Полное собрание стихотворений — страница 26 из 55

Даже не вспомнил молитвы святой.

Целую зиму, лишь ночь посветлей,

Я приходил на свидание к ней

И до утра, пока месяц сиял,

Бледные руки ее целовал.

Раз в упоении, полный огня,

Я говорю ей: «Ты любишь меня?»

– «Нет, говорит, я правдива, не лгу.

Я полюбить не хочу, не могу;

Тщетной надеждой себя не губи,

Но, если хочешь, меня полюби».

Жесткое слово кольнуло ножом;

Скоро, безумец, забыл я о нем.

В бурю не раз, весела и грозна,

Странные песни певала она:

Всё о какой-то полярной стране,

Где не мечтают о завтрашнем дне,

Нет ни забот, ни огня, ни воды,–

Вечное счастье и вечные льды.

Чем становилося время теплей,

Тем эта песня звучала грустней.

В день, как растаял на кровле снежок,

Я уж найти моей милой не мог.

Много тебе со мной плакать пришлось!

Лето безжизненным сном пронеслось.

С радостью, вам непонятной, смешной,

Слушал я ветра осеннего вой;

Жадно следил я, как стыла земля,

Рощи желтели, пустели поля,

Как исстрадавшийся лист отпадал,

Как его медленно дождь добивал,

Как наш ручей затянулся во льду…

Раз на поляну я тихо иду,

Смутно надежду в душе затая…

Вижу: стоит дорогая моя,

Стройная, светлая, ласковый взгляд,

Очи глубоко, глубоко глядят…

С трепетом я на колени упал,

Всё рассказал: как томился и ждал,

Как моя жизнь только ею полна…

Но равнодушно смотрела она.

«Что мне в твоих безрассудных мечтах,

В том, что ты бледен, и желт, и зачах?

Жалкий безумец!
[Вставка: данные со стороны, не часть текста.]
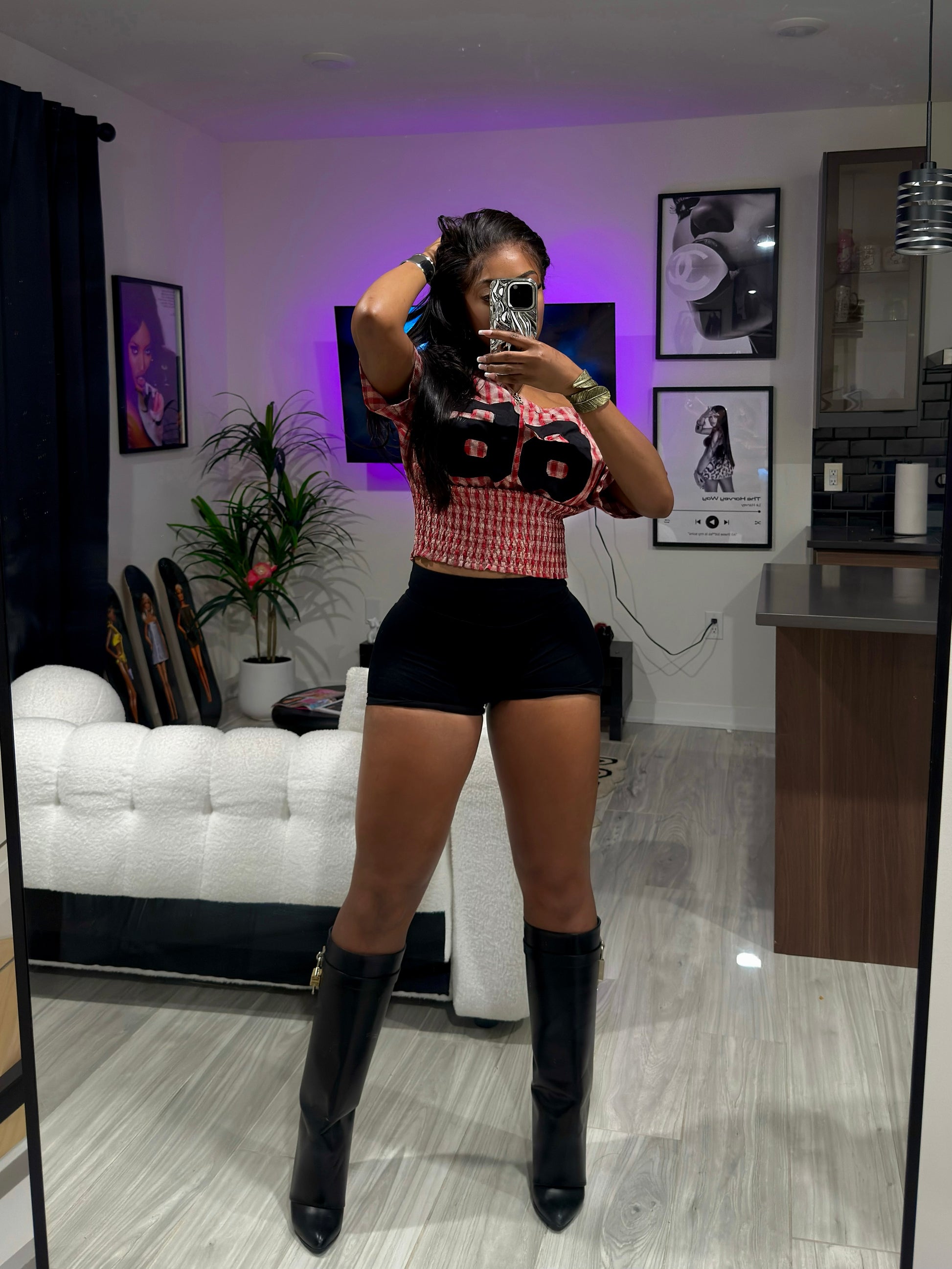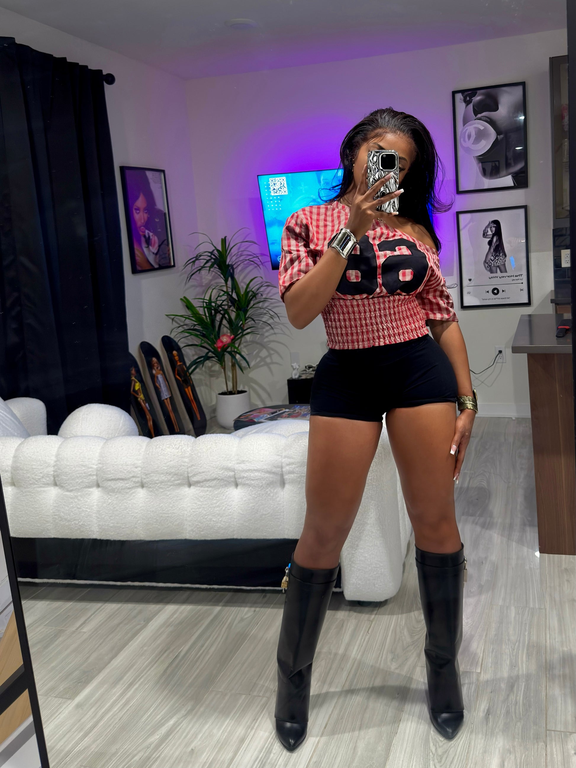 All gas, no brakes 💋 The Route 66 Top is giving main character energy with its bold graphic detail, off-shoulder cut, and perfect stretch fit. Dress it up with mini shorts or denim for a look that turns every sidewalk into your runway.
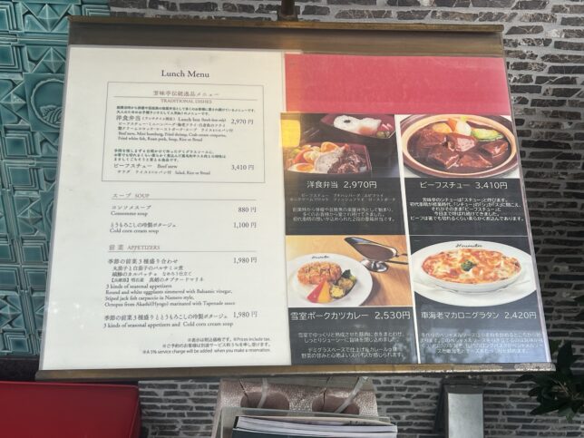 店頭にはメニュー表も。写真が載っている4メニュー、洋食弁当・ビーフスチュー・雪室ポークカツカレー・車海老マカロニグラタンのビジュアルが強すぎる。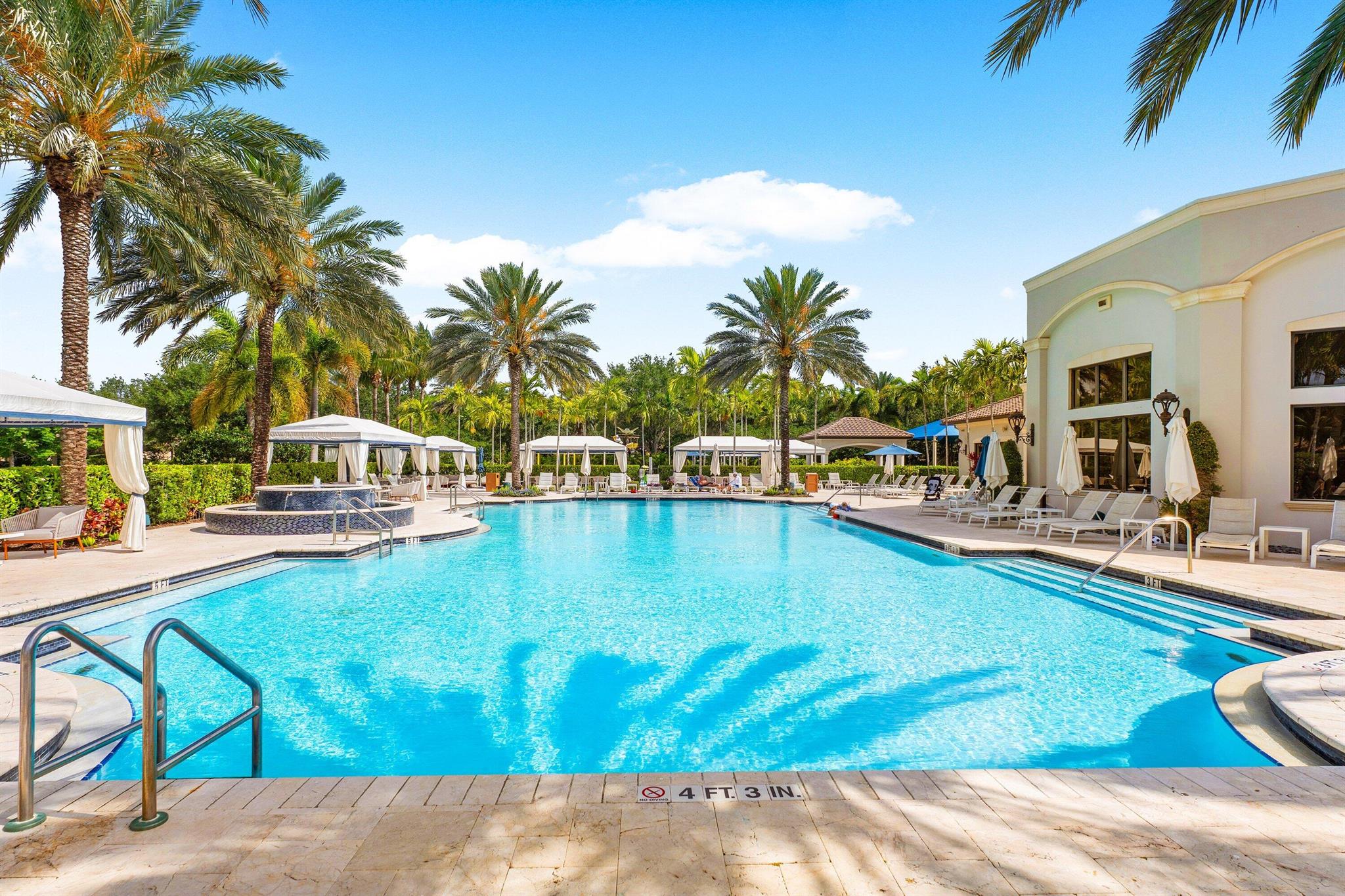 Experience elevated lakefront living in this exceptional single-story Venetian Model from the Coastal Collection, located in the prestigious gated community of The Bridges. This expanded residence welcomes you with a dramatic double-height foyer leading to a stately living room, formal dining room, and spacious family room. Marble flooring, volume coffered ceilings, and a custom wet bar create a refined and inviting atmosphere.Expansive windows showcase breathtaking lake and pool views, seamlessly blending indoor elegance with outdoor tranquility. The heated saltwater pool and spa are surrounded by lush landscaping and capture stunning sunset vistas across the approximate 1/3-acre lot.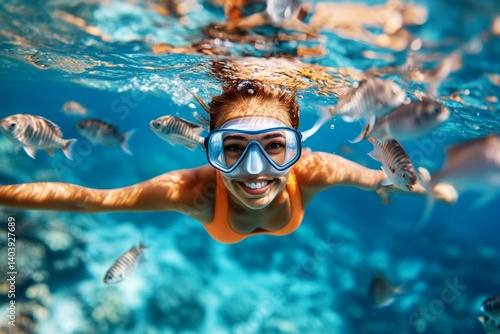Naklejka premium Many tropical fish swim next to her. Bright commercial style image. A lovely and sexy happy middle eastern young woman with blond hair in a swimming mask and fins snorkeling among the corals.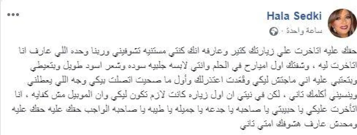 الفنانة هالة صدقي أبدت ندمها على عدم زيارة الفنانة هياتم أثناء رحلة العلاج الأخيرة ووجهت لها رسالة حزينة للغاية عبر حسابها بموقع الفيس بوك قالت فيها: حقك عليه اتاخرت علي زيارتك كتير وعارفه انك كنتي مستنيه تشوفيني وربنا وحده اللي عارف أنا اتأخرت ليه، وشفتك أول امبارح في الحلم وأنتي لابسه جلبيه سوده وشعر اسود طويل وبتعيطي وبتعتبي عليه اني ماجتش ليكي وقَعَدت اعتذرلك وأول ما صحيت اتصلت بيكي وجه اللي يعطلني وينسيني أكلمك تاني، لكن في نيتي ان اول زياره كانت لازم تكون ليكي وان الموبايل مش كفايه، انا اتأخرت عليكي يا حبيبتي يا صاحبه يا جدعه يا جميله يا طيبه يا صاحبه الواجب حقك عليه حقك عليه ومحدش عارف هشوفك امتي تاني".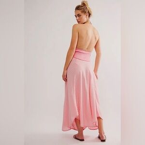 Chic maxi dress in vibrant pink with peach accents. Features a halter neckline and flowing silhouette. Ideal for sunny days.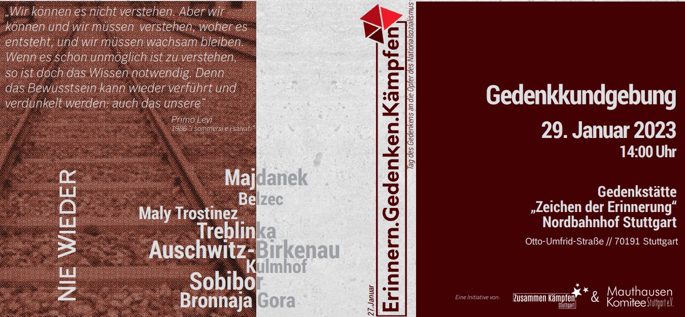 Von Stuttgart-Nord, dem Ort an dem sich heute die Gedenkstätte „Zeichen der Erinnerung“ befindet, wurden ab 1941 Jüd*innen sowie Sinti und Roma aus Württemberg in Zügen nach Auschwitz, Riga, Izbica und Theresienstadt deportiert. Die durch einen beispiellosen Antisemitismus, Antiziganismus und Hass auf jene Menschen, die nicht zur nationalsozialistischen „Volksgemeinschaft“ zählten, vorangetriebene Entmenschlichung führte dazu, dass weite Teile der Bevölkerung die Verbrechen vor ihrer Haustüre ignorierten oder dabei mitwirkten. Nach der militärischen Niederlage des Nationalsozialismus fanden viele Täter*innen in der neuen Bundesrepublik Deutschland problemlos zurück in ein ziviles Leben oder kamen gar zu Amt und Würden. So ist es nicht verwunderlich, dass bis heute in staatlichen Handlungen und in der Gesellschaft nationalsozialistische Muster erkennbar sind. Eben jene Muster der Entmenschlichung, des blinden Gehorsams, der Ignoranz gegenüber Marginalisierten und des Wegsehens. Dies gilt es zu kritisieren und zu bekämpfen!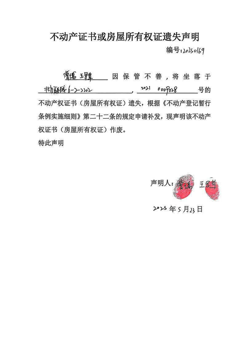 曹博、王軍茸不動(dòng)產(chǎn)證書或房屋所有權(quán)證遺失聲明,編號(hào):20250169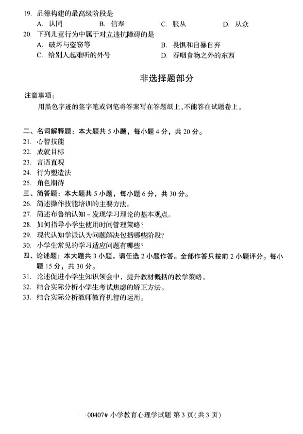 全国2019年10月自考00407小学教育心理学试题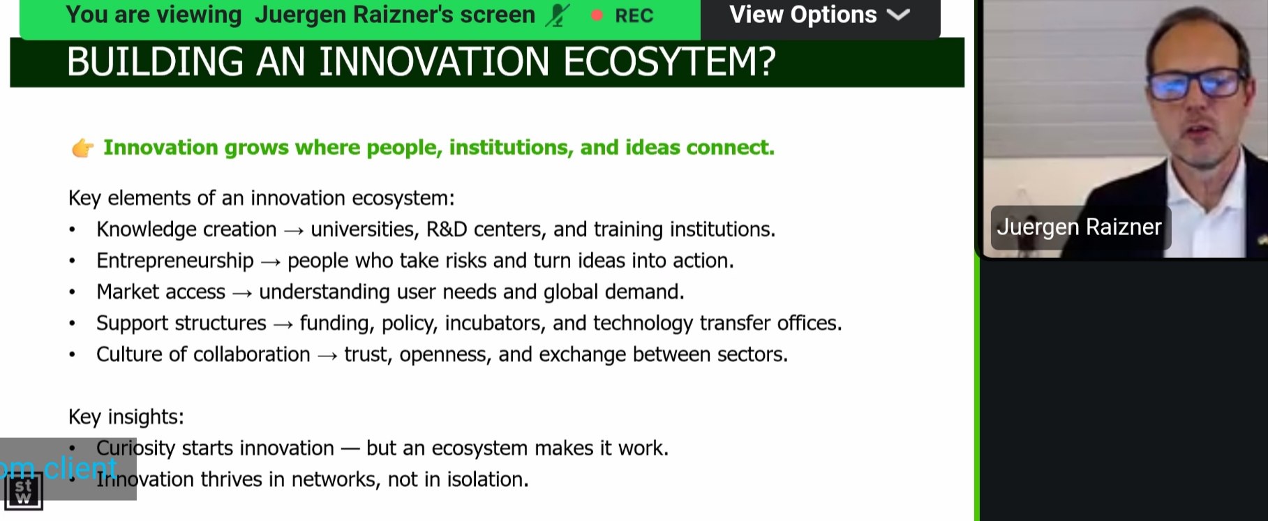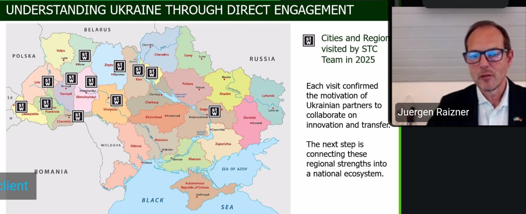 Спікером заходу виступив Юрген Райцнер — директор Steinbeis Enterprises, експерт із трансферу технологій і міжнародної кооперації. Під час семінару він розкрив ключові аспекти перетворення наукових розробок на бізнес-рішення та поділився кращими європейськими практиками у сфері інновацій.
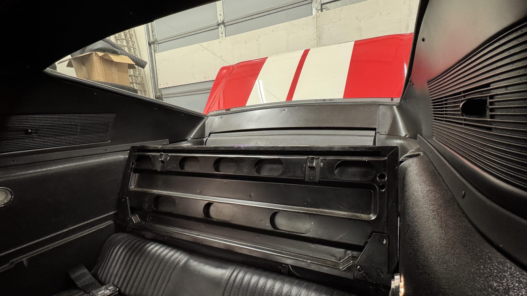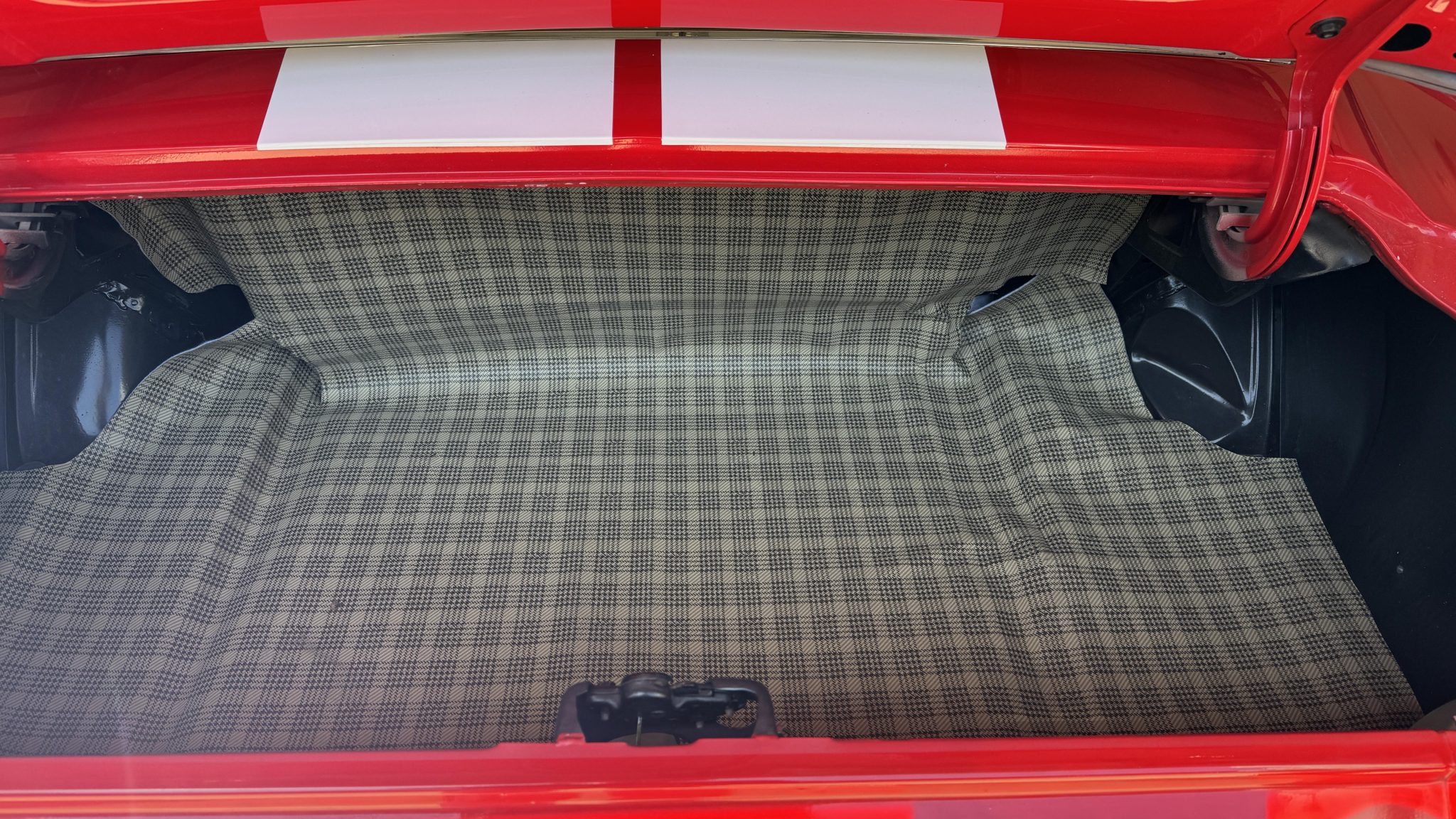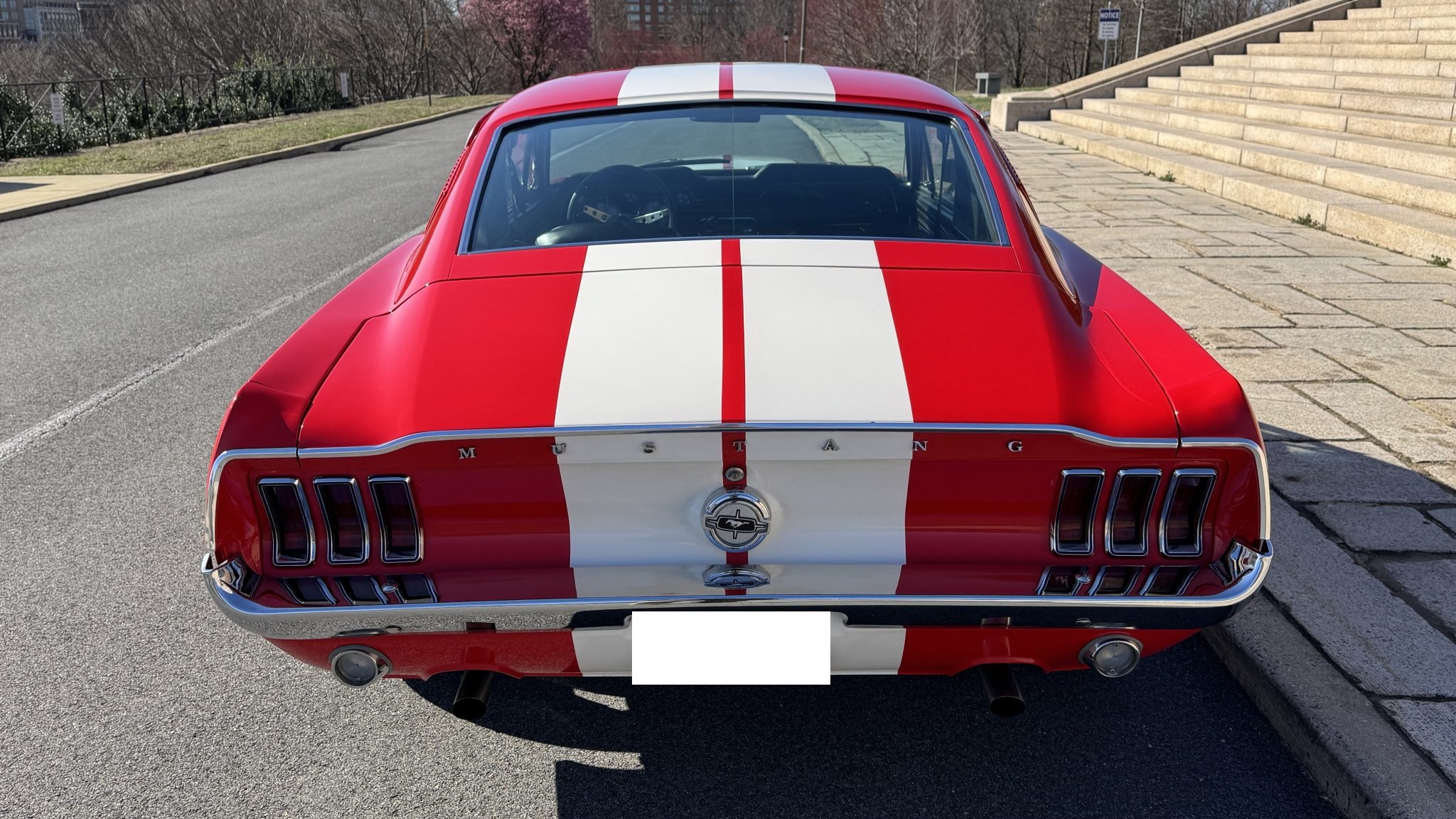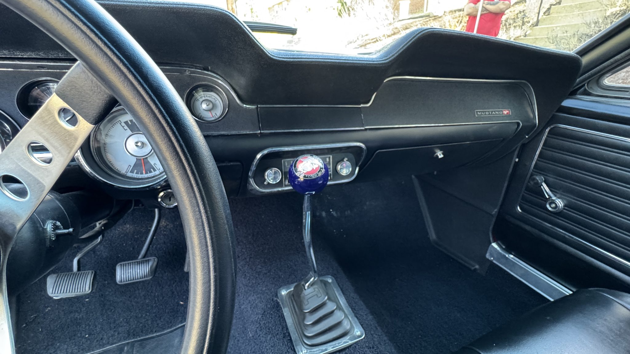 This 1968 Ford Mustang fastback was originally specified with Presidential Blue paintwork, a blue interior, and a 200ci inline-six mated to a three-speed manual.  The car was repainted red with white stripes, the interior was redone with black upholstery, and a rebuilt 302ci V8 with a Holley carburetor and five-speed manual transmission were installed. It also has a dual exhaust system, grille lights, 17″ Torq Thrust-style wheels, and a Hurst shifter.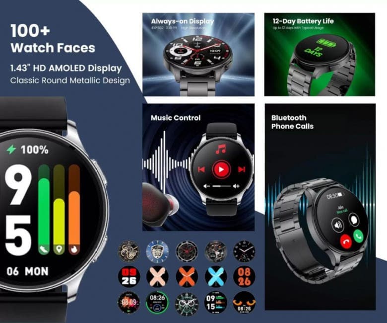 - 1.43-inch (466 x 466 pixels) AMOLED 460PPI screen, always on display

Со смертью в крови

Всё еще ждешь ты какой-то любви!»

– «Ну, – говорю я с рыданием ей,–

Ну не люби, да хотя пожалей!»

– «Нет, говорит, я правдива, не лгу,

Я ни любить, ни жалеть не могу!»

Преобразились черты ее вмиг:

Холодом смерти повеяло с них.

Бросив мне полный презрения взор,

Скрылась со смехом она… С этих пор

Я и не помню, что было со мной!

Помню лишь взор беспощадный, немой,

Жегший меня наяву и во сне,

Мучивший душу в ночной тишине…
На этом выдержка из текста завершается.